The powder 22 may consist of any mixture or composition known to possess fire extinguishing or flame damping properties, for istance any powder composition used in the socalled powder extinguishers employing compressed air or compressed nitrogen as an ejecting agent. One example is a composition consisting mainly of potassium sulphate, with minor additions of chlorides and other substances. A second example is a composition consisting mainly of sodium bicarbonate.

The fire extinguisher of Fig. 4 has a cylindrical wall 35, a bottom 31 and a conical top 32 provided with a curved nozzle 33. A substantially cylindrical, pressure resistant capsule 34 consisting of a heat insulating material and enclosing a compact charge 37 rests on the inside of the bottom 31. An annular member 36 is fitted between the lower part of the capsule 34 and the cylindrical wall 35 to maintain the capsule 34 properly centred with respect to the wall 35. The casule is provided below with four angularly spaced, radial outlets 38. A supply of fire extinguishing powder occupies the annular space between the capsule 34 and the wall 35 and part of the space above the top of the capsule. A fuse 40 extends from the lower end of the charge 37 through one of the outlets 38, the gas chamber 41 and the discharge nozzle 33 to an igniter 44 attached to the outer face of the container top 32. A plastic foil cap 42 applied on the end of the discharge nozzle 33 prevents humidity from entering the container. The container is mounted by means of a clamp member 43 near a potential seat of fire.

On ignition of the charge 37, the combustion gases are discharged through the outlets 38 and pass through the powder layer 39, producing a mixture of gases and powder which is discharged through the nozzle 33.

The extinguisher shown in Fig. 5 has a cylindrical wall 45, a conical top 46 and a conical bottom 47. A curved discharge nozzle 48 is fitted in the top 46. A tubular extension 50 fitted in the bottom 47 and provided below with a bottom 49 contains a pressure resistant capsule 51 consisting of heat insulating material and enclosing a compact charge 52. The upper end wall 53 of the capsule 51 is provided with a gas outlet 54. A fuse 55 engaging the upper face of the charge 52 extends through the outlet 54, the gas chamber 56 of the extinguisher and the discharge nozzle 48 to an igniter (not shown).

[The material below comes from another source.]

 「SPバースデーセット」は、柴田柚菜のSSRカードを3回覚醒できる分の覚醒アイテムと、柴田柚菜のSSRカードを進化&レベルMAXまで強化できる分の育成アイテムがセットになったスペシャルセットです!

A perforated partition 57 fitted in the cylindrical wall 45 supports a supply 58 of fire extinguishing powder. A thin sheet of paper 59 resting on or glued on to the upper face of the partition 57 prevents the powder from running through the holes in the partition.When the charge 52 is burning, the combustion gases penetrate through the holes in the partition 57 and through the powder supply, so that a gaspowder-mixture is formed and ejected through the discharge nozzle 48.

In the modification of the embodiment of Fig. 5 shown in Fig. 6, the partition 60 is provided with a piece of tubing 61 extending through the powder supply 65, and with a baffle plate 63 fitted at the lower end of the vertical passage formed by said piece of tubing 61. When the charge is burning, one part of the combustion gases will pass through the baffle plate 63 and the piece of tubing 61, while another part will penetrate into the powder supply through the holes 64 of the partition 60. This arrangement provides the possibility of obtaining any desired relation between the rate at which the powder supply is discharged and the rate at which the charge is consumed by a corresponding choice of the relation between the area of the orifice in the baffle plate 63 and the total area of the holes 64 of the partition 60.

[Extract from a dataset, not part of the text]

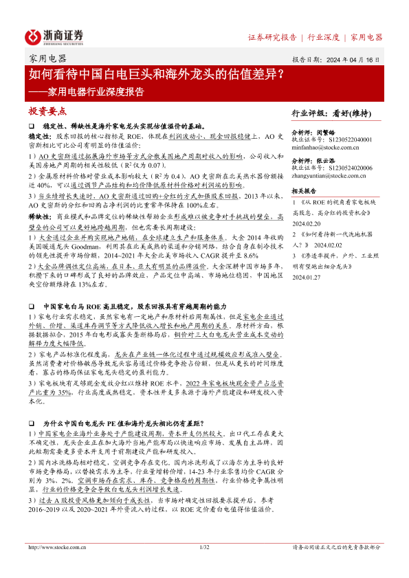 【浙商证券】【20240416】如何看待中国白电巨头和海外龙头的估值差异?-32页

Fig. 7 shows a fire extinguisher of the basic type represented in Fig. 1 or 2 supplemented with a device for ejecting a fire extinguishing liquid together with the gaseous combustion products. Said device comprises a container 67 containing a supply 68 of the fire extingu ishing liquid and connected to the extingu isher body 66 by two tubes 69, 70 fitted in the top 72 of the container 67. One tube 69 connects the upper end of the container 67 to the gas chamber 71 of the extinguisher. The lower extremity of the other tube 70, which is located at a level slightly above the bottom 74 of the liquid container 67, is provided with a baffle plate 73. At the other end, the tube 60 has an end portion 76 arranged coaxially with the discharge nozzle 75 so as to form together with the nozzle an annular channel 77 for the combustion gases emerging from the gas chamber 71.

When the charge is burning, the gas pressure in the gas chamber 71 of the extinguisher is transmitted through the tube 69 to the liquid container 67, whereby the liquid is pressed out through the tube 70 at a rate determined by the gas pressure and by the area of the orifice of the baffle plate 73. This arrangement provides the possibility of obtaining any desired relation between the rate at which the liquid container 67 is emptied and the rate at which the charge is consumed.

A thin foil member 78, 79 is attached to the upper orifices of the tubes 69, 70, respectively, to prevent evaporation or leakage of the liquid without obstructing the passage of gas and liquid, repectively, in the operation of the extinguisher.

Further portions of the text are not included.